I am trying to run a simple mapreduce program on HDInight through Azure. My program is written in python and simply counts the how many rows of numbers (timeseries) meet certain criteria. The final result are just counts for each category. My code is shown below.
from mrjob.job import MRJob
import numpy as np
import time
class MRTimeSeriesFrequencyCount(MRJob):
def mapper(self, _, line):
series = [float(i) for i in line.split(',')]
diff = list(np.diff(series))
avg = sum(diff) / len(diff)
std = np.std(diff)
fit = np.polyfit(list(range(len(series))), series, deg=1)

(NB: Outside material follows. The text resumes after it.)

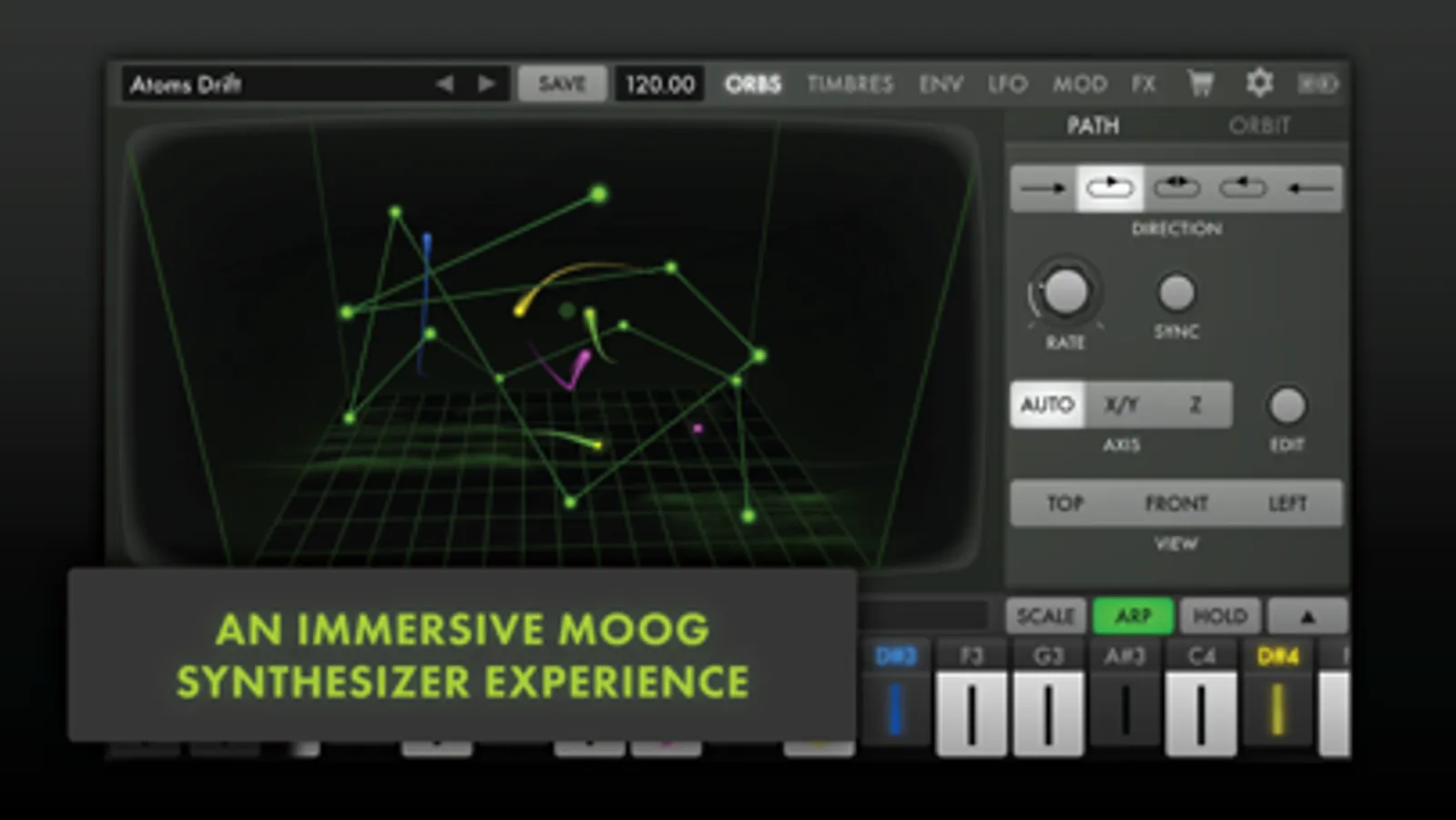 Powered by Moog’s Anisotropic Synth Engine (ASE), Animoog Z empowers you to visually traverse new sonic universes and even create your own! ASE utilizes a novel orbit system to expand the concepts of wavetable and vector synthesis, allowing you to navigate dynamically through the X, Y, and Z axes of sound. Spontaneous sound design with Animoog Z is easy—simply select and drag the orbit path to explore endless sonic configurations.

yield "Down", 1 if (series[len(series)-1]-series[0]) < 0 else 0
yield "Up", 1 if (series[len(series)-1]-series[0]) > 0 else 0
yield "Reverse", 1 if (fit[0]*(series[len(series)-1]-series[0])) < 0 else 0
yield "Volatile", 1 if std/avg > 0.33 else 0
def reducer(self, key, values):
yield key, sum(values)
if __name__ == '__main__':
start_time = time.time()
MRTimeSeriesFrequencyCount.run()
print("--- %s seconds ---" % (time.time() - start_time))

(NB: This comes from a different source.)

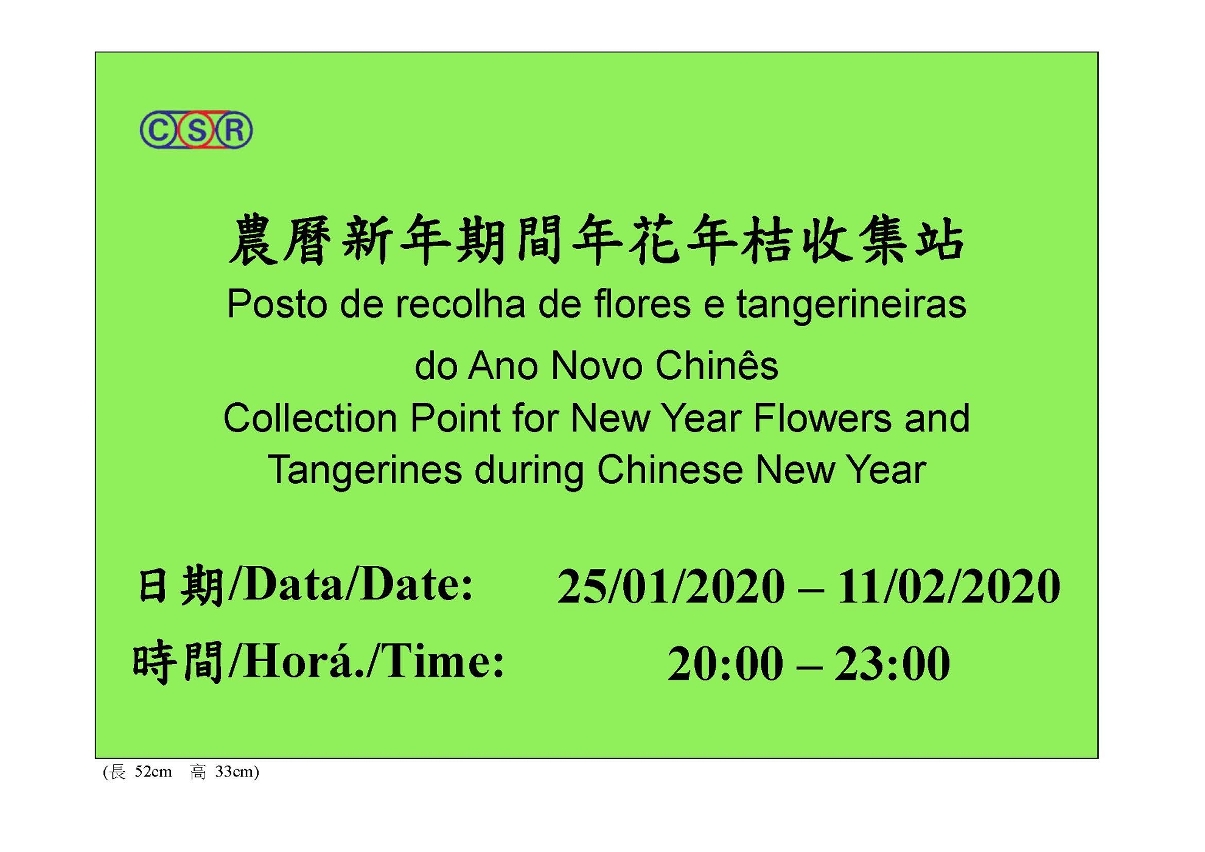 按照传统习俗,市民于新春期间亦会购置年花、年桔布置家居,故每年春节后有大量年花、年桔被弃置。市政署将于一月二十五日至二月十一日,将大体积垃圾收集站改为年花年桔收集站,并更换相关指示牌,以便市民知悉。市民可于上述期间的晚上八时至十一时,把弃用的年花年桔放置在收集站内,以便清运人员可以集中处理。

I am new to mapreduce and hadoop. When I scale up the number of rows, which are stored in a csv, my laptop which is an HP Elitebook 8570w still performs faster than running the code in Hadoop (456 seconds vs 628.29 seconds for 1 million rows). The cluster has 4 worker nodes with 4 cores each and 2 head nodes with 4 cores each. Shouldn't it perform faster? Is there some other bottleneck such as reading in the data? Is mrjob running it on only one node? Thanks in advance for the help.